But the biggest improvement of rail services to Stansted Airport will come, when and if Crossrail 2 is built, as this will make travel to the airport from all over London a lot easier, with just a single change at Tottenham Hale or Broxbourne.

I also wouldn’t be surprised to see some Crossrail 2 trains extended to Stansted. After all, the tracks exist and if the airport said to Transport for London, here’s a few million from our petty cash to run Crossrail 2 to Stansted, I’m sure TfL would oblige!

This would give Stansted Airport one-change services to Gatwick, Heathrow and Luton airports, Continental Rail Services and HS2.

Rail Links To Luton Airport

Luton Airport has its own Thameslink station at Luton Airport Parkway.

But also it has plans to expand, as is reported in this article in the Daily Mail, entitled Luton Airport reveals plans for direct rail line that would cut train journey from central London to just 20 minutes.

I think that Luton Airport could use something like Class 387/2 trains, as used on Gatwick Express with an IPEMU capability, so that they could use a branch line without any electrification to underneath the airport terminal.

Rail Links To Gatwick Airport

I found this article in TravelWeekly, which is entitled Gatwick outlines plans for a train departure to London every three minutes.

It gives a very good summary of the train services that will run to Gatwick after Thameslink is completed.

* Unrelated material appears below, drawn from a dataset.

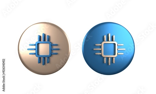 © Kostiantyn, Fototapeta premium Colorful Computer processor with microcircuits CPU icon isolated on white background. Chip or cpu with circuit board. Micro processor. Circle button. 3D render illustration
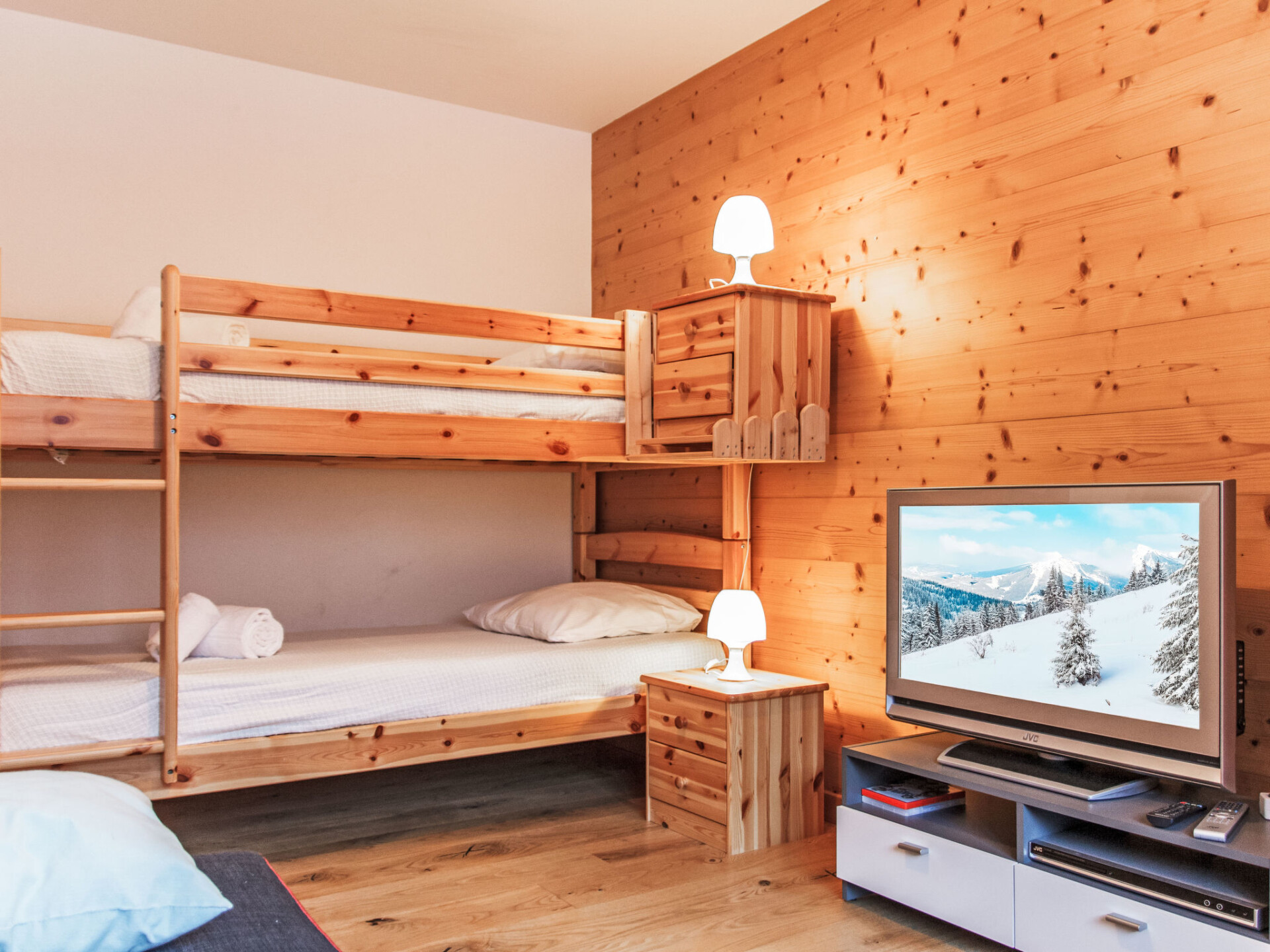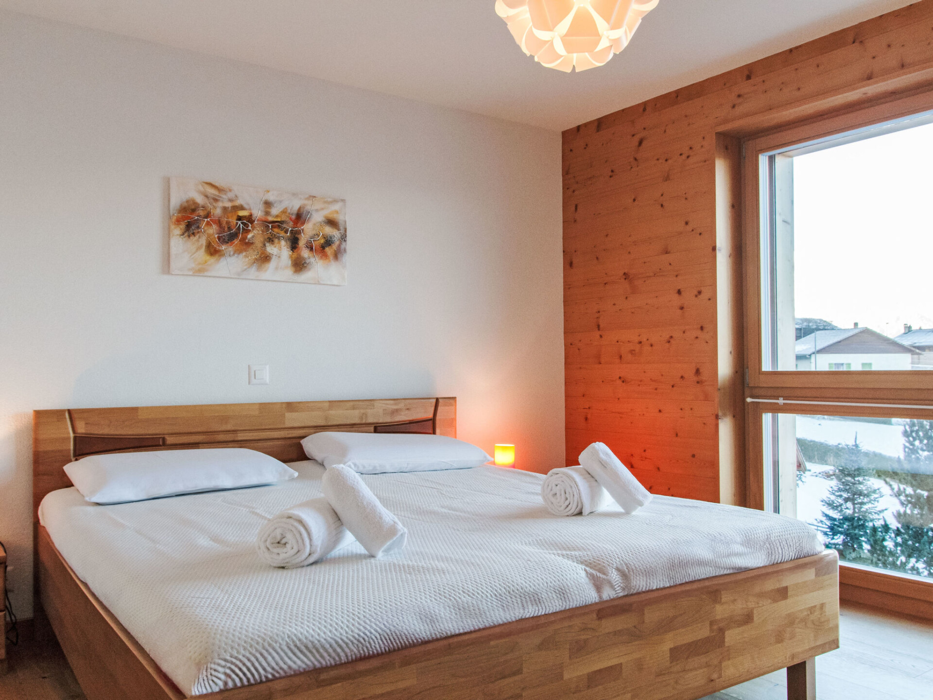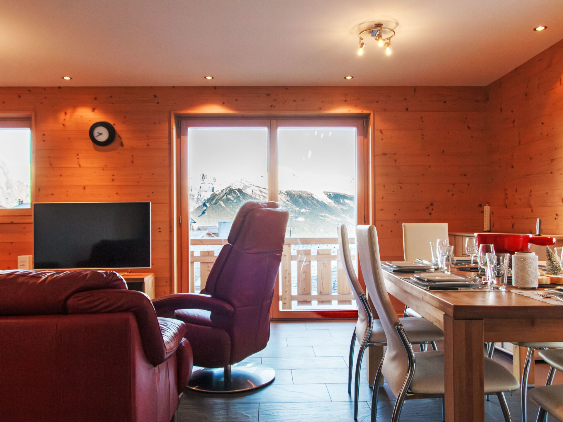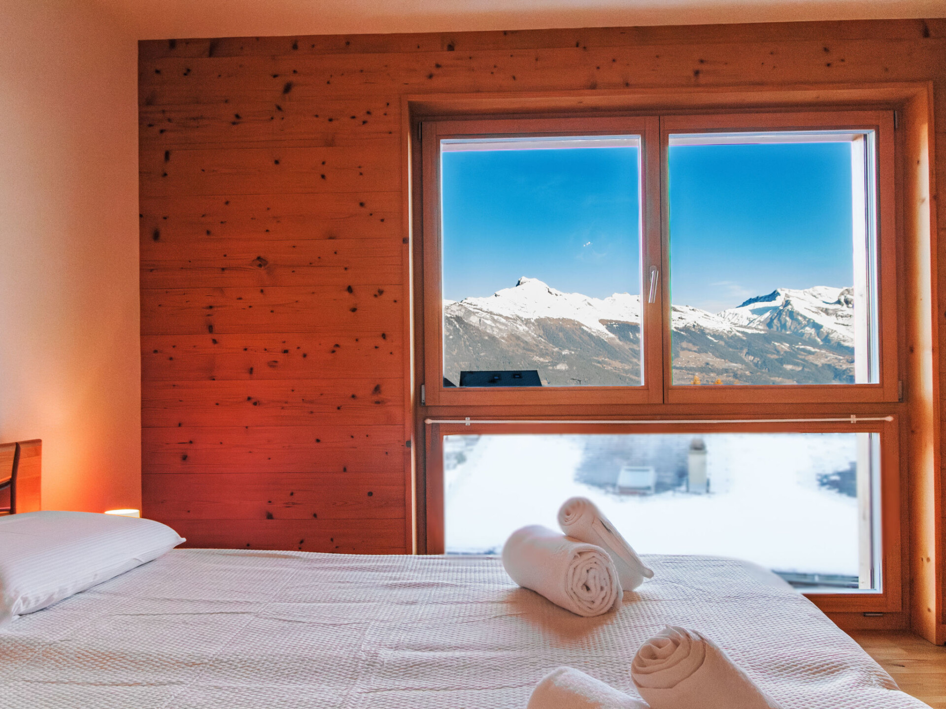 "Moulin du Raé A2", appartement 4-kamers 85 m2, op de begane grond. Het objekt is geschikt voor 4 volwassenen + 2 kinderen. Mooi en modern ingericht: woon-/eetkamer met Kabel-TV. 1 kamer met 2 bedden (90 cm, lengte 200 cm). 1 kamer met 1 2-pers bed (2 x 90 cm, lengte 200 cm). 1 kamer met 1 x 2 stapelbedden (90 cm, lengte 200 cm), Kabel-TV. Open keuken (oven, afwasmachine, 4 inductiekookplaten, magnetron, diepvriezer, elektrische koffiemachine, pads voor de koffiemachine (Nespresso) extra, raclette oven, fondue Set (chinese, kaas)). Uitgang naar het terras. Bad/WC, douche/WC. Vloerverwarming. Groot terras 180 m2, op het noorden gelegen en op het oosten gelegen. Terrasmeubelen, barbecue. Mooi uitzicht op de bergen. Ter beschikking: wasmachine, droger. Internet (WiFi, gratis). Garage nr. 22 et 23 (2 Auto's), hoogte 200 cm. Oplaadstation. Niet rokers woning.

The planned hourly timetable would see:

•         Four dedicated Gatwick Express trains to Victoria
•         Six trains to Victoria – originating from East and West Coastway, Horsham/Littlehampton, and Three Bridges/Haywards Heath
•         Four trains to Bedford via London Bridge – originating from Gatwick and Brighton
•         Two trains to Cambridge via London Bridge – originating from Brighton
•         Two trains to Peterborough via London Bridge – originating from Horsham
•         Two trains to London Bridge – originating from Littlehampton/West Coastway, and Haywards Heath/Three Bridges.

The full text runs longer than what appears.